JP3203647U - Electrochemical oxygen generator - Google Patents

Abstract

An electrochemical oxygen generator that ensures the pressure inside a pure oxygen generating component within a normal range, ensures normal operation of the pure oxygen generating component, and ensures a long life. In an electrochemical oxygen generator including a housing having an upper housing and a lower housing, a cavity formed by the upper housing is mounted in a battery mounting chamber in which a battery is mounted, and a controller in which a controller is mounted. A vent hole 9 is opened in the upper housing body of the upper housing 2 corresponding to the electrochemical component mounting chamber 7, which includes a chamber 6 and an electrochemical component mounting chamber 7 in which an electrochemical pure oxygen generating component 11 is mounted. A display panel mounting hole 8 is opened in the upper housing body of the upper housing 2 corresponding to the controller mounting chamber 6, and the positive electrode and the negative electrode of the battery mounting chamber 5 are respectively connected to the positive electrode of the connection terminal of the controller 10 via leads. Connect to the negative electrode. [Selection] Figure 2

Description

  The present invention relates to the technical field of electrochemical pure oxygen production.

  As a conventional electrochemical oxygen generator, it is described as follows in the patent document 1 (filing date: October 15, 2010). Including housing. The housing includes an upper housing and a lower housing. The lower housing includes a battery mounting chamber, a controller mounting chamber, and a pure oxygen generating component mounting protrusion. A vent hole is formed in the side wall of the lower housing. An oxygen gas exhaust hole is opened in the pure oxygen generating component protruding base. The oxygen gas exhaust hole communicates with an external contact. A battery is mounted in the battery mounting chamber. A controller is mounted in the controller mounting chamber. The pure oxygen generation component is fastened to the pure oxygen generation component protrusion. The positive electrode and negative electrode of the battery are connected to the positive electrode and negative electrode of the connection terminal of the controller via leads, respectively. The anode lead wire and the cathode lead wire of the pure oxygen generating component are connected to the positive electrode and the negative electrode of the output terminal of the controller, respectively. The controller is equipped with a power switch. The upper housing covers the lower housing from the upper side. This structure causes an excessive pressure inside the pure oxygen generating component when the external oxygen gas output pipe is clogged, damages the oxygen generator, and shortens the service life of the oxygen generator.

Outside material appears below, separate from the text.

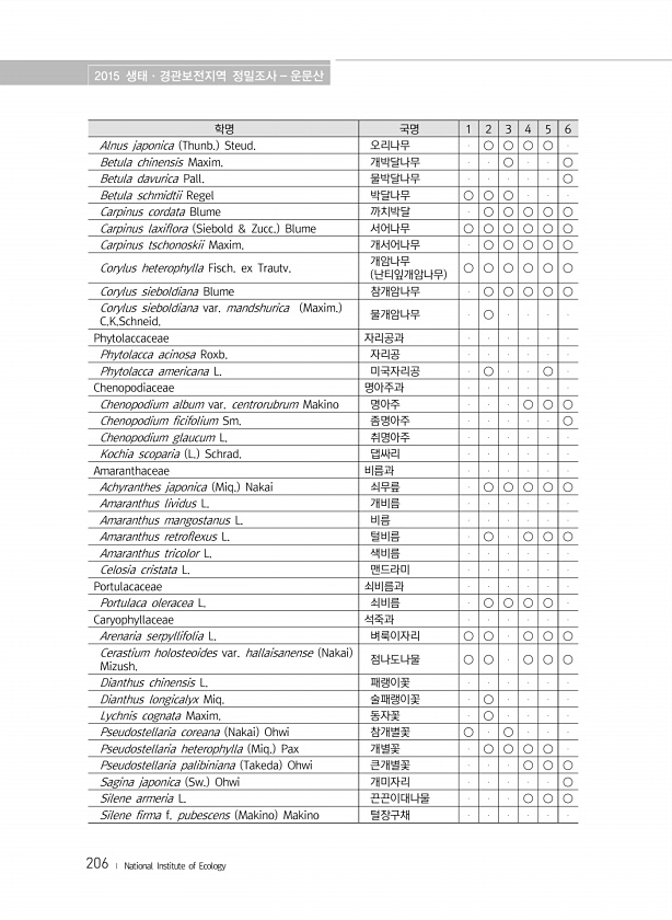 2015 생태·경관보전지역 정밀조사 운문산 206 ? National Institute of Ecology 학명 국명 1 2 3 4 5 6 Alnus japonica Thunb. Steud. 오리나무 ○ ○ ○ ○ Betula chinensis Maxim. 개박달나무 ○ ○ Betula davurica Pall. 물박달나무 ○ Betula schmidtii Regel 박달나무 ○ ○ ○ Carpinus cordata Blume 까치박달 ○ ○ ○ ○ ○ Carpinus laxiflora Siebold & Zucc. Blume 서어나무 ○ ○ ○ ○ ○ ○ Carpinus tschonoskii Maxim. 개서어나무 ○ ○ ○ ○ ○ Corylus he...

Chinese Patent Application Publication No. 101967651

  In response to the above problems, the present invention provides an electrochemical oxygen generator. When the oxygen gas output pipe is clogged, the electrochemical oxygen generator is operated artificially and quickly to ensure the pressure inside the pure oxygen generating component within the normal range and to ensure normal operation of the pure oxygen generating component. And guarantee a long service life of the oxygen generator.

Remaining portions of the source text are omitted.